Выбрать главу

Желтое и черное в еврейской истории не всегда шагали в ногу. Как видим, случались времена, когда черное было для евреев почти то же, что пурпур для венценосцев. Так скажите, где и когда евреи узрели в цветах этих — желтом и черном — свою отверженность! Где и когда сказали они цветам этим, желтому и черному: прокляты! изыдите!

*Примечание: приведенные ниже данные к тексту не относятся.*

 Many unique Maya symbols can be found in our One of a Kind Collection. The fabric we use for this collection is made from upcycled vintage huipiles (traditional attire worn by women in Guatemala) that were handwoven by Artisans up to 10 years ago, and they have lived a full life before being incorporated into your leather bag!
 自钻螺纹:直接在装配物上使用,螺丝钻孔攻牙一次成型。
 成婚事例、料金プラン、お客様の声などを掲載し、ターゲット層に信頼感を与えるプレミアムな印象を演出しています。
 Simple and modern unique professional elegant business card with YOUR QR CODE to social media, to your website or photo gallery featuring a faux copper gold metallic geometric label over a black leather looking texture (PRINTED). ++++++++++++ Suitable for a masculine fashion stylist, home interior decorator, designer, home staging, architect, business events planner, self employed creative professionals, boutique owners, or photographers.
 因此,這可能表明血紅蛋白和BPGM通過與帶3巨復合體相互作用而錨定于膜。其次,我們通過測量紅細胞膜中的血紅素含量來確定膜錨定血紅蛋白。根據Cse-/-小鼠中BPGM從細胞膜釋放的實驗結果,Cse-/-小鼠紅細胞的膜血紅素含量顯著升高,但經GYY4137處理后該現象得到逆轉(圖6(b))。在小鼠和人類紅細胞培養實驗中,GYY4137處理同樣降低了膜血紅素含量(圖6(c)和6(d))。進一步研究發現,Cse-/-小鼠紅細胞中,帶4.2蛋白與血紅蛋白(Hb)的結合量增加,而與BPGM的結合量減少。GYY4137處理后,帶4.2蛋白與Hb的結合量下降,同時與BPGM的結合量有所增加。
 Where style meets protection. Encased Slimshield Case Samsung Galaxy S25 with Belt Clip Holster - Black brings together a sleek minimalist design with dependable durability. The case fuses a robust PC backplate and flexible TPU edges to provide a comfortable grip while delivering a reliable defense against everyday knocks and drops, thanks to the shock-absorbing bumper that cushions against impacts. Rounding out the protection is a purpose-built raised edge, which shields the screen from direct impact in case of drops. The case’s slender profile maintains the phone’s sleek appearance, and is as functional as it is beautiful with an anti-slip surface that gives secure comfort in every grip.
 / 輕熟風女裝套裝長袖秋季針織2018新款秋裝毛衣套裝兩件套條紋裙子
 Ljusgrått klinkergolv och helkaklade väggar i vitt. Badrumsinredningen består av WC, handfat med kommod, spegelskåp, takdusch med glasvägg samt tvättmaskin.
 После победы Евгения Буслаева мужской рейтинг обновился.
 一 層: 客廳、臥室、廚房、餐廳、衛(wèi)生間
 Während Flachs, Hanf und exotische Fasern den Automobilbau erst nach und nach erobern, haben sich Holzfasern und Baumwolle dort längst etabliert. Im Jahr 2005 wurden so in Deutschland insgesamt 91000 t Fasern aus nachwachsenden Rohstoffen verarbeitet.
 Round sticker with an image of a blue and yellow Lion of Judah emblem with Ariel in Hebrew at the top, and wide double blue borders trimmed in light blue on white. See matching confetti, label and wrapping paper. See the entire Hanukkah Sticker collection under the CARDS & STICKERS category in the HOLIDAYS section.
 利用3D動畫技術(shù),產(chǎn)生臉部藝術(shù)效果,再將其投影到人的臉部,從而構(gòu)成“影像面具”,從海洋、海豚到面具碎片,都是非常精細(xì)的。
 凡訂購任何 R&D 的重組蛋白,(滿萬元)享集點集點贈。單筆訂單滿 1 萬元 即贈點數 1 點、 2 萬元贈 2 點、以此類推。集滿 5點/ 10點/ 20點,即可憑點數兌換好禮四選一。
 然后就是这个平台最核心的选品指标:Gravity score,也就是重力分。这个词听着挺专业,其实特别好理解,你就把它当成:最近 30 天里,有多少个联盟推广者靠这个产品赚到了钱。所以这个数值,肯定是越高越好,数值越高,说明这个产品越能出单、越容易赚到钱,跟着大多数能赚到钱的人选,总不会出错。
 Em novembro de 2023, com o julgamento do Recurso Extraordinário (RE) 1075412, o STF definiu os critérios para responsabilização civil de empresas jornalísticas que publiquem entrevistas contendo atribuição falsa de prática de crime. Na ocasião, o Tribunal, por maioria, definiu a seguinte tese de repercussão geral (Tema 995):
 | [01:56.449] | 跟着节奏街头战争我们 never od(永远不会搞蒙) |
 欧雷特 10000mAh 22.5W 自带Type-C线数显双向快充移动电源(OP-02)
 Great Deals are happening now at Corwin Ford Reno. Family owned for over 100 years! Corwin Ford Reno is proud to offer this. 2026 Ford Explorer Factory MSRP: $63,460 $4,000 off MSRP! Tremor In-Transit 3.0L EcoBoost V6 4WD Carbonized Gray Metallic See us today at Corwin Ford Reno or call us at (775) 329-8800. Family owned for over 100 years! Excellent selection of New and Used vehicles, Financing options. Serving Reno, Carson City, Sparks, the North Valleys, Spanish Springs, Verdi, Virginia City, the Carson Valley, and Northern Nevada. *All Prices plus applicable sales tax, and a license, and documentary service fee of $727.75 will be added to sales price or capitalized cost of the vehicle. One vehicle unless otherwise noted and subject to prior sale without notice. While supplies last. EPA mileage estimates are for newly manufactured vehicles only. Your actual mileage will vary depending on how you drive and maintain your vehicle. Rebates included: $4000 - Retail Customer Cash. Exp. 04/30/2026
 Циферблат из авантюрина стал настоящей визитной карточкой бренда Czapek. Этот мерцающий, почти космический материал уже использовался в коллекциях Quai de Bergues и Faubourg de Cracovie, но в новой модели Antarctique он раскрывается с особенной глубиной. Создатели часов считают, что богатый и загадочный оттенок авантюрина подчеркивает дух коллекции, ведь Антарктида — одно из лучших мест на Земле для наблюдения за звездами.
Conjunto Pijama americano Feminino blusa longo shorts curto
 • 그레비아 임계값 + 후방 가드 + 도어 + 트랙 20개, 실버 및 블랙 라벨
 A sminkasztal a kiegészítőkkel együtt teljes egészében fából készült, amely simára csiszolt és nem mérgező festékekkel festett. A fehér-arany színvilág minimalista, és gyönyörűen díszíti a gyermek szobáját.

Нигде не сказали. Нигде и никогда. Более того, и сказать не могли, ибо не у Леви ли было трехцветное знамя — между белым и красным черная полоса! Не у Дана ли было темно-синее знамя, так что издали нельзя было отличить его от черного! Не черные ли цвета были на знаменах колен Гада, Эфраима и Менаше! Не знамя ли колена Ашера было оливковое дерево на желтом фоне! И наконец, не на знамени ли Беньямина были цвета всех колен!

Тем же словом в Библии определяется и зелень листвы, и цвет золотистой нивы, и желтизна лица. Желто-красный шарлах со времен праотцов был у евреев культовым цветом — одним из четырех главных ритуальных цветов. Но какое дело до всего этого, до наследия отцов, Осе Мандельштаму, если рижский дедушка, который не знал ни слова по-русски — бабушка хоть одно слово знала: «Покушали? Покушали?» — набросил внучку на плечи черно-желтый платок, а внучка от этого забрали страх и удушье!

Много лет спустя, в Александровой слободе, Осю вновь обуяли страх и удушье — в этот раз от бычка. И Ося бежал от него, как последний трус. Марина Цветаева, добрая русская душа, пыталась обелить Осю ссылкой на вековой страх человека перед рогатым зверем. Обелить, конечно, можно, ну а поскрести, что ли, возбраняется!

Старик Мандельштам жаловался, что жена, вильненская еврейка Флора Вербловская, отняла у него детей. Сын его, Ося, сообщает, что мама Флора была первая в роду, дорвавшаяся до звуков чистой русской речи, и вместе с бабушкой, которая еще не дорвалась, с гордостью произносила слово «интеллигент».

Еврейская Гаскала, просвещение, во второй половине минувшего века шла об руку с ассимиляцией. Но уже на рубеже XIX и XX веков самые образованные, самые талантливые евреи — Жаботинский, Ахад-Гаам, Ан-ский (Рапопорт) — каждый на свой лад закричали: гевалт! куда нас несет! куда девается наше еврейство! Это было как раз то самое время, когда Ося забросил в книжную рвань Моисеевой мудрости свою древнееврейскую азбуку, с местечковым мальчиком в картузе — героем всех азбучных историй.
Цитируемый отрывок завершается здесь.